Training set size: 586
Testing set size: 147


In [55]:
from sklearn.metrics import accuracy_score, precision_score, recall_score, f1_score

# Make predictions 
y_pred = nb_classifier.predict(X_test_bow)

# Calculate evaluation metrics
accuracy = accuracy_score(y_test, y_pred)
precision = precision_score(y_test, y_pred, average='weighted', zero_division=0)
recall = recall_score(y_test, y_pred, average='weighted', zero_division=0)
f1 = f1_score(y_test, y_pred, average='weighted', zero_division=0)

# Print the results
print(f"Accuracy: {accuracy:.4f}")
print(f"Precision: {precision:.4f}")
print(f"Recall: {recall:.4f}")
print(f"F1-score: {f1:.4f}")

Accuracy: 0.2721
Precision: 0.2103
Recall: 0.2721
F1-score: 0.2040


In [56]:
# Identify misclassified examples
misclassified_indices = np.where(y_test != y_pred)[0]
misclassified_texts = X_test.iloc[misclassified_indices]
actual_labels = y_test.iloc[misclassified_indices]
predicted_labels = y_pred[misclassified_indices]
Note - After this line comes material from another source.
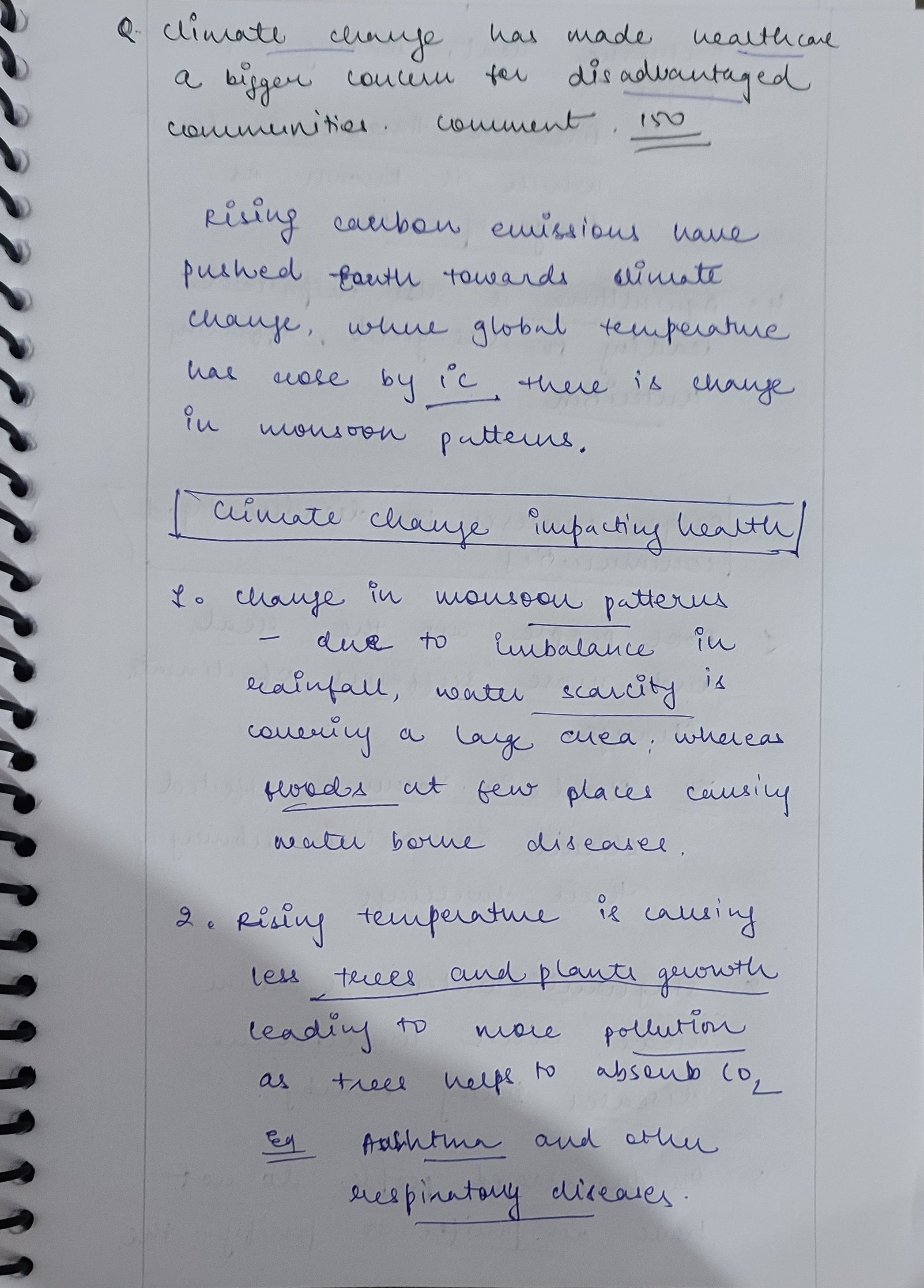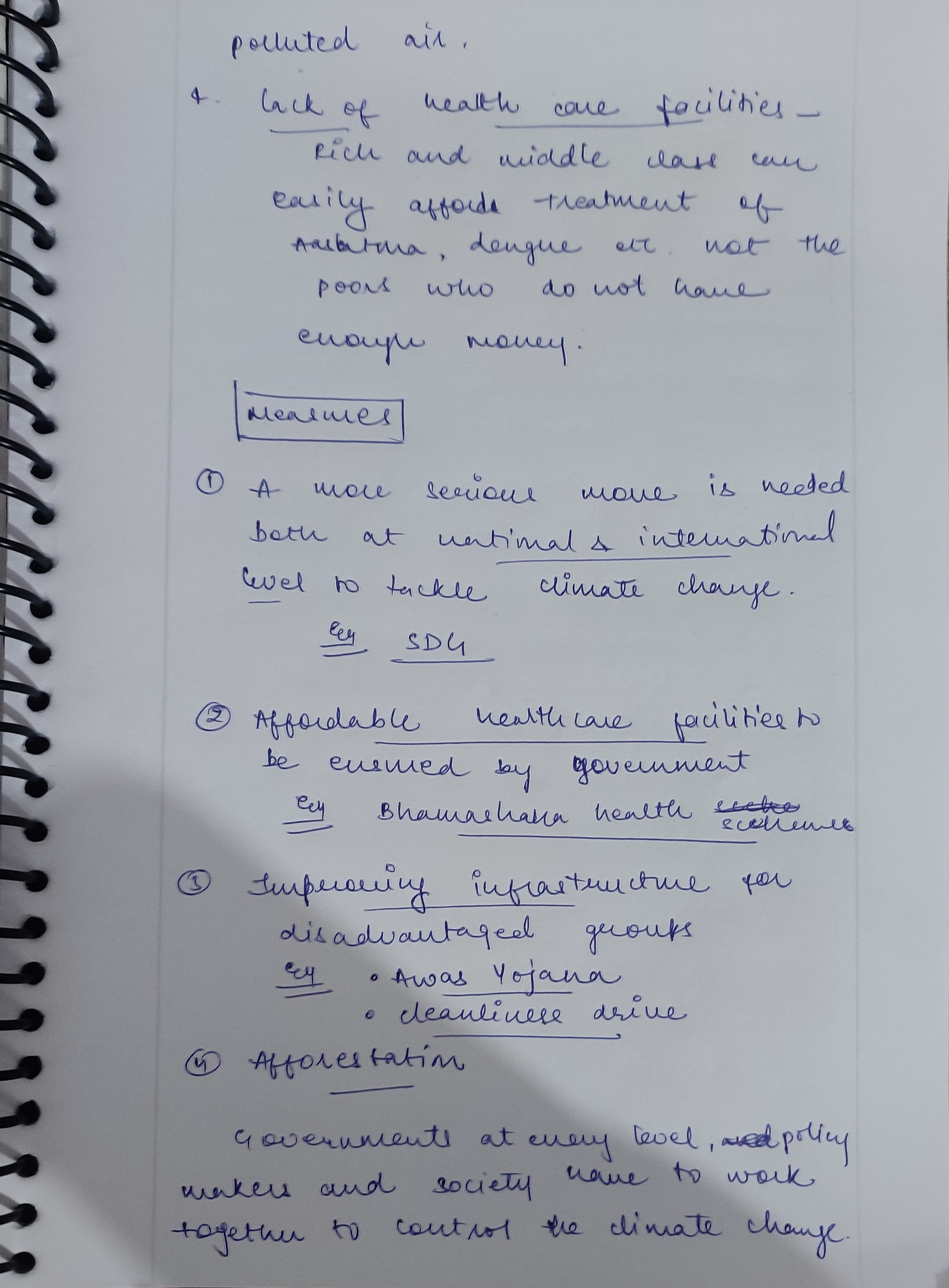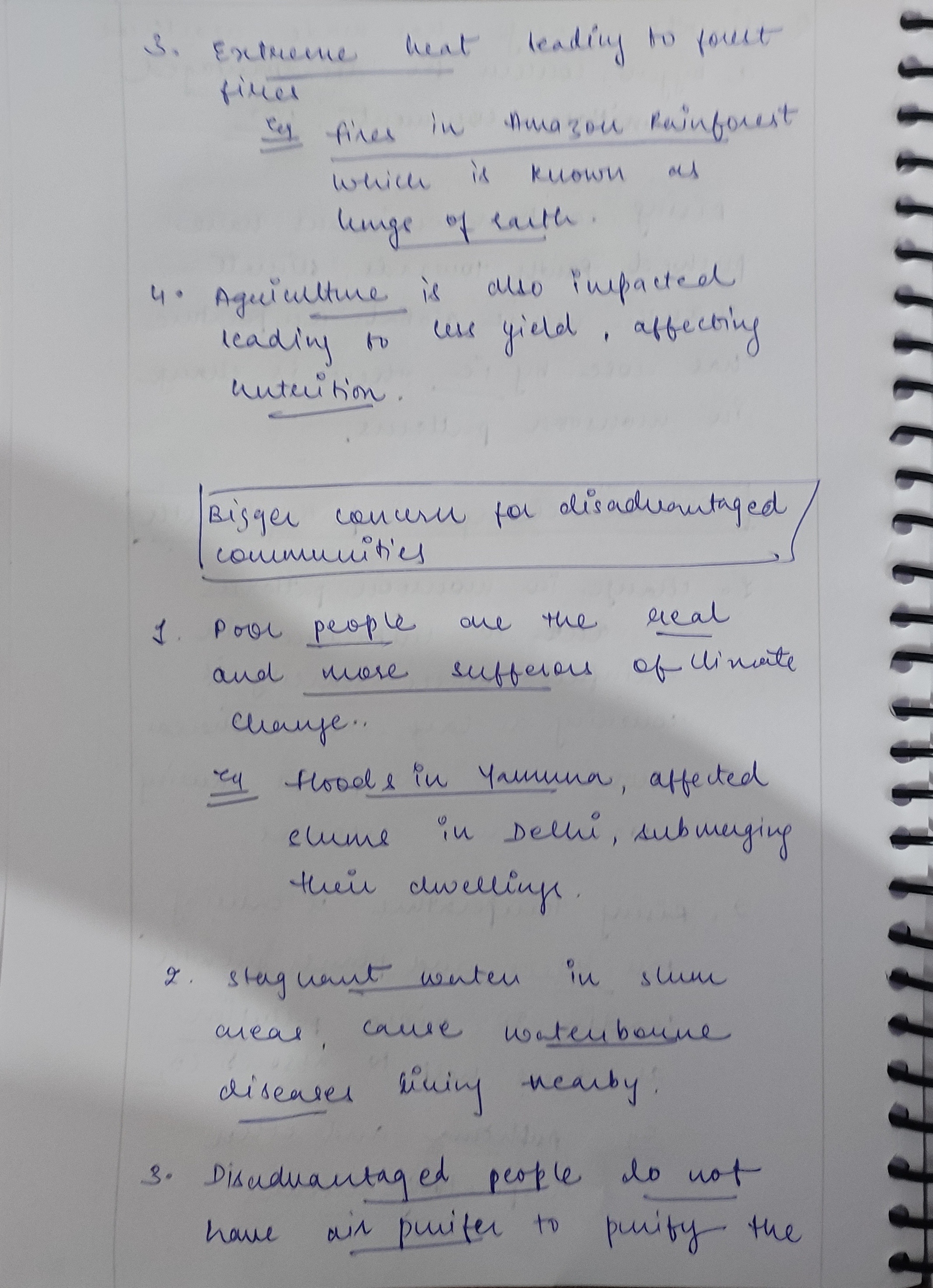 - Increased air pollution, a byproduct of climate change, has severe health implications, especially for marginalized groups in urban areas.

# Display some of the misclassified examples
print("Misclassified Examples:")
for i in range(min(10, len(misclassified_indices))):
    print(f"Text: {misclassified_texts.iloc[i]}")
    print(f"Actual Label: {actual_labels.iloc[i]}")
    print(f"Predicted Label: {predicted_labels[i]}")
    print("-" * 20)

Misclassified Examples:
Text: planning surprise scavenger hunt friends anticipating thrill excitement
Actual Label:  Excitement 
Predicted Label:  Joy 
--------------------
Text: coding new project enthusiasm
Actual Label:  Positive  
Predicted Label:  Excitement 
--------------------
Text: boredom lingers stagnant pool indifference
Actual Label:  Boredom         
Predicted Label:  Positive  
--------------------
Text: radiant joy akin blooming flowers sunkissed spring morning
Actual Label:  Radiance    
Predicted Label:  Radiance      
--------------------
Text: hopeful potential personal growth
Actual Label:  Hope          
Predicted Label:  Positive  
--------------------
Text: trying new dessert recipe
Actual Label:  Positive  
Predicted Label:  Excitement 
--------------------
Text: draped warmth kindness quilt compassion stitched love
Actual Label:  Kindness 
Predicted Label:  Joy 
--------------------
Text: lost headphones vanish thin air headphonemystery teenlife
Actual Label: 

The first step was loading and cleaning the raw data ,for feature extraction ,bag of words method  was used to convert naive bayes algorithims to numerical features which involved creating vocabulary of all unique words.naive bayes algorithim  was implemented as a python class. The Data was then split,model was trained and the trained model was used to make predictions.